_Provided material_
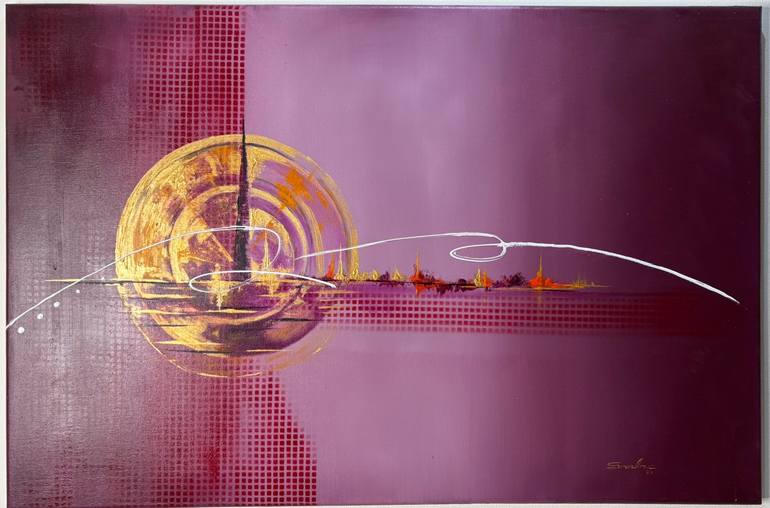 This artwork, titled Veil of Eternity, is a stunning abstract composition that radiates a sense of cosmic energy and balance. Dominated by rich shades of purple and crimson, the piece is punctuated by a glowing golden circular motif that appears to ripple outward, evoking the image of a celestial or...
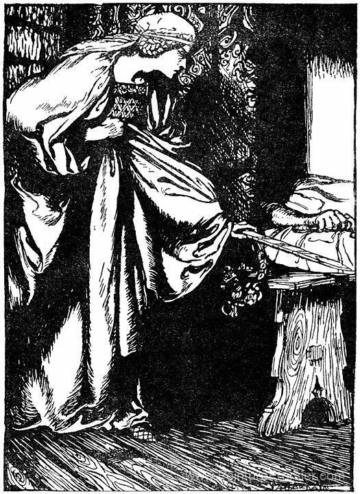 Nous vous proposons une reproduction artisanale sur toile du célèbre tableau 'Isolde découvre l'encoche dans l'épée de Tristan' de Arthur Rackham, provenant du Musée de la Reproduction.
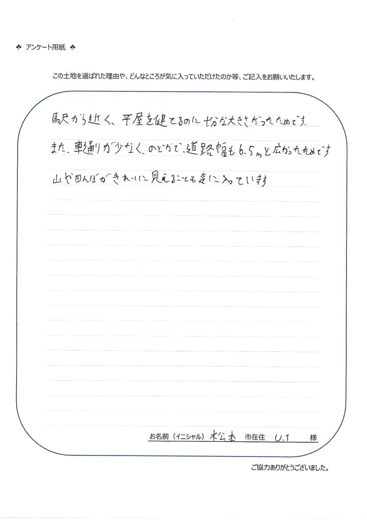 駅から近く、平屋を建てるのに十分な大きさだったためです。

_Task item_
Without any pictures, repeat the listing exactly.

_Task output_
 This artwork, titled Veil of Eternity, is a stunning abstract composition that radiates a sense of cosmic energy and balance. Dominated by rich shades of purple and crimson, the piece is punctuated by a glowing golden circular motif that appears to ripple outward, evoking the image of a celestial or...
 Nous vous proposons une reproduction artisanale sur toile du célèbre tableau 'Isolde découvre l'encoche dans l'épée de Tristan' de Arthur Rackham, provenant du Musée de la Reproduction.
 駅から近く、平屋を建てるのに十分な大きさだったためです。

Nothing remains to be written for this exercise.